Le cellule dei mammiferi sono privi di sistemi enzimatici (denaturasi) necessari per l’inserimento dei doppi legami nella catena carboniosa dell’acido grasso. Pertanto, non potendo essere sintetizzati ex novo dall’organismo animale, gli acidi grassi polinsaturi devono necessariamente essere introdotti con la dieta e pertanto sono definiti “essenziali”. Diversi alimenti sia di origine vegetale che animale, contengono acidi grassi essenziali. L’olio di semi di lino e l’olio di pesce, ad esempio, rappresentano gli alimenti fonte di acidi grassi polinsaturi più comunemente utilizzati come integratori alimentari nella specie equina. Tuttavia, l’olio di pesce determina un incremento maggiore della concentrazione plasmatica di EPA e DHA rispetto all’olio di semi di lino.
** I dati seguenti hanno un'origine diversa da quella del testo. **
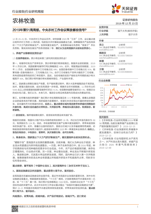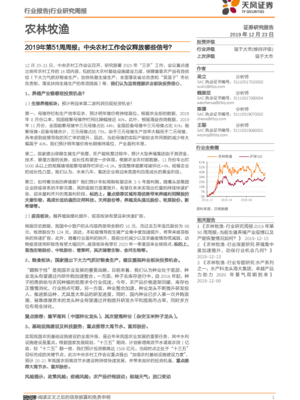 【天风证券】【20191223】农林牧渔2019年第51周周报:中央农村工作会议释放哪些信号?-14页

Secondo una recente ricerca condotta sull’uomo, l’assunzione di omega 3 (principalmente EPA e DHA) a elevato standard di purezza e concentrazione è di aiuto nel contrastare l’affaticamento muscolare, migliorare la prestazione e aumentare l’efficienza dei muscoli direttamente coinvolti nel gesto atletico. Alla luce dei risultati positivi ottenuti sull’uomo e su altre specie animali, la ricerca scientifica, ed in particolare la medicina sportiva equina, è attiva da anni nello studio del ruolo energetico di questi acidi grassi nell’alimentazione del cavallo atleta, al fine di migliorarne le prestazioni in gara.
Numerosi studi hanno evidenziato che la somministrazione di integratori alimentari a base di olio di pesce ha un’influenza positiva sul miglioramento di alcuni parametri della performance, nel cavallo atleta.
In particolare, è emerso che, l’arricchimento della razione mediante grassi accresce l’attività degli enzimi del catabolismo dei lipidi e degli acidi grassi, favorendo, di conseguenza, l’utilizzazione dei lipidi endogeni, aumenta la capacità di ossidare i grassi, fornisce un maggior apporto energetico anche nei cavalli che compiono sforzi brevi ed intensi, riduce la formazione di acido lattico, perché induce il coinvolgimento di un numero più elevato di unità muscolari ad alto potere ossidativo (fibre muscolari IIA) a scapito delle unità glicolitico-anaerobiche (fibre muscolari IIB).
Sebbene numerosi studi abbiano dimostrato l’effetto positivo dell’integrazione con acidi grassi poliinsaturi omega 3 sull’affaticamento muscolare e sul metabolismo energetico, ad oggi sono necessari ulteriori approfondimenti per poter affermare che gli omega 3 possano migliorare la performance atletica.
In particolare, altri studi sono necessari per poter affermare quale possa essere il più corretto dosaggio, durata e timing di somministrazione.